The CFIUS review has reportedly stalled, but TikTok spokeswoman Oberwetter said the company still supports the deal.
“The quickest and most thorough way to address national security concerns is for the CFIUS to adopt the proposed agreement that we’ve been working with them on for almost two years,” she told CNBC on Monday.
Meanwhile, government officials from the FBI and the Justice Department have publicly warned of the dangers of app use, and many states have imposed their own bans.
On Monday, the Biden administration released new implementation rules for a TikTok ban that applies only to state devices, which Congress passed in December.
Earlier this month, Sens. Richard Blumenthal, D-Conn., chairman of the Senate Judiciary Subcommittee on Privacy, and Jerry Moran, R-Kan., member of the Senate Select Committee on Intelligence, said in a letter that CFIUS “is completing its investigation in a timely and rigorous manner.” impose structural restrictions between TikTok’s American operations and its Chinese parent company ByteDance, including a possible separation of the companies.”
But while the executive branch scrutinizes TikTok over CFIUS, McCaul and the GOP-controlled House aren’t waiting for action.
“TikTok is a security threat. The CCP allows it [Chinese Communist Party] to manipulate and monitor its users while it devours Americans’ data to use in its malicious activities,” McCaul told CNBC.

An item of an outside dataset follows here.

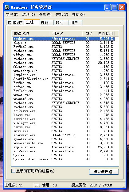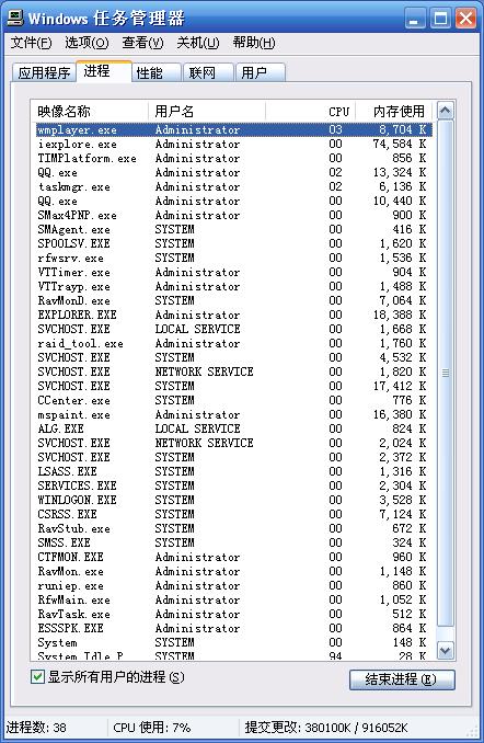 突发奇想:如果你认为你的系统是正常的话(或比较正常),请把你的任务管理器贴图发上来。请大家发图的时候最好把图展开!这样做的目的是:一方面可以供那些认为自己的机子有问题的人做个参考,另方面也可以让别人来发现你自己的问题。不知大伙可否支持???

If TikTok-related legislation looks set to move quickly through Congress, it could alienate investors and benefit some of the company’s biggest competitors.
TikTok is taking market share FacebookInstagram and Google‘s YouTube, all of which have slowed dramatically in advertising over the past year.
According to Insider Intelligence, TikTok controls 2.3% of the global digital advertising market, behind only Google (including YouTube), Facebook (including Instagram), Amazon and Alibaba.
— CNBC’s Ari Levy contributed to this story from San Francisco.